The draft regulation proposed by the Department of Health includes many measures to prevent young people from being targeted by marketing and advertisements for HFSS products.
Some key provisions of this proposed regulation are as follows:
- Section 3 is aimed at protecting children under the age of 18 from food and beverage marketing that impacts their health.
- Section 14 states that food labels must not employ tactics to attract children, such as using cartoon characters or celebrities.
- Section 17 mandates the control of advertisements on all channels, including television, radio, online platforms and public transportation.
- Section 16 indicates that elementary and secondary schools will take measures to control the sales of unhealthy foods within the premises.
- Section 20 specifies that control measures will include restriction on donations of food and beverages that are high in fat, salt and sugar content in schools.
The regulation of advertisements for unhealthy food and beverages has been implemented in many countries.
"In Quebec, Canada, advertisements for high fat, high salt and high sugar food and beverages are banned on all media channels.
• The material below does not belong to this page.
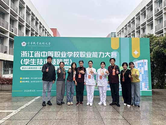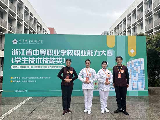 2026年4月2至3日,浙江省中等職業學校職業能力大賽(學生技術技能類)“養老護理”項目比賽在金華職業技術大學舉行。來自省內各中等職業學校護理專業的15支隊伍參與比賽。海寧衛生學校(海寧市綜合高級中學)參賽選手章宋穎、王奧威、王韻格、段玉婷,憑借新穎的項目設計、精湛的操作技能、出色的團隊合作精神和靈活的應變溝通能力獲得一等獎(第一名),這是學校參加該賽項以來的最好成績,更是我們養老護理人砥礪奮進四年的圓夢時刻!

The UK prohibits unhealthy food and beverage advertisements on traditional media, the internet, game devices and cinemas. Peru, Turkey, South Korea and Singapore prohibit high fat, high sugar and high salt advertisements on TV and radio stations. South Korea, Hungary and Brazil also prohibit the sale of high fat, high sugar and high salt food in schools," said Nongnuch.
"After these laws were implemented, households with children in the UK decreased their expenditures on high fat, high sugar and high salt foods food by £14.90 [656 baht] and expenditures on sugary beverages decreased by £5.60 per quarter. In South Korea, a research project in 2009 stated that 1,296 advertisements for high fat, high salt and high sugar were broadcast on TV. In 2010, the TV advertisements for these unhealthy foods decreased to only 243. However, unhealthy food advertisements shifted to online platforms."
In May 2023, Thailand's Department of Health organised a public hearing to listen to people from civil society organisations, government agencies and the food and beverage industries and received positive responses.
It will take some time before any law banning unhealthy food and beverages is officially launched. In the meantime, Nongnuch suggested that the Ministry of Public Health and the Office of the Basic Education Commission should encourage schools to prohibit the sale of snacks and sugary beverages on their premises.
"Aside from parents, communities should take responsibility for children's well-being. Schools should ban the sale of unhealthy food. However, when children are outside of school, they still can purchase unhealthy food and beverages. Thailand may consider a regulation similar to South Korea's which prohibits shops within 300m of schools from selling unhealthy food and drinks to young people."